The following day, we moor at Linz for a half-day trip to Salzburg, Mozart’s birthplace and the setting for many scenes of the movie The Sound of Music. The exquisite city is also home to the grand Hotel Sacher where the original Sacher-Torte was first produced in 1832 and is still served today in the hushed environs of the formal café, and where Julie Andrews stayed during the filming.

We have a full day and night in Budapest, but even a week wouldn’t do justice to this extraordinarily beautiful city. From the moment I see the sun rising behind the Hungarian Parliament buildings across the Danube, I am hooked.

Back in Vienna, we have a choice of guided tours to Schönbrunn Palace, the magnificent former summer residence of the Habsburgs; or Bratislava, the capital of neighbouring Slovakia. A small group of us take the train to Bratislava to spend more time exploring the city. That’s another attraction of river cruising – you can enjoy as many of the included excursions as you like while enjoying your ship as a superbly appointed hotel that travels with you.

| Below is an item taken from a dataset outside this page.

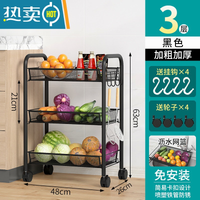 蔬菜架厨房置物架水果菜篮移动收纳架分层架落地整理储物架小推车 三维工匠

Bratislava is an intriguing mix with its medieval Old Town, crumbling mansions, graffiti-daubed Soviet-era buildings and traffic-jammed roads. Lunch at the Flag Ship restaurant is hearty Slovakian fare – garlic soup, potato pancakes and a gnocchi-type dish made with sheep’s cheese. It goes down nicely with locally brewed beer.

We have a full day and night in Budapest, but even a week wouldn’t do justice to this extraordinarily beautiful city. From the moment I see the sun rising behind the Hungarian Parliament buildings across the Danube, I am hooked. Like Prague, Krakow and Lubliana, among others, Budapest has become a hub for students, backpackers, intellectuals, artists and international partygoers. Our tour of Buda (the western, hilly bank of the river) and Pest (the flatter, city-centric side) takes us to landmark sites including Heroes’ Square, Matthias Church and the Fisherman’s Bastion on Castle Hill, plus the WAMP contemporary design market.

Thermal baths have been part of Hungarian life since Roman times. The Szechenyi Spa Baths complex in the centre of the city has 15 indoor baths and three outdoor pools. Even though it is a chilly spring morning, all the facilities are well-patronised, mostly by locals. Massages and medicinal mud baths are also available if you book in advance.

A night out in the romkocsma or “ruin pubs” in the old Jewish quarter is a fitting finale to our cruise. These arty bars started popping up in old factory and tenement buildings a few years ago and are furnished with the “found art” materials. Some host informal art exhibitions, experimental films and creative workshops. However, the ruin pub we discover is hosted by a seriously grumpy barman.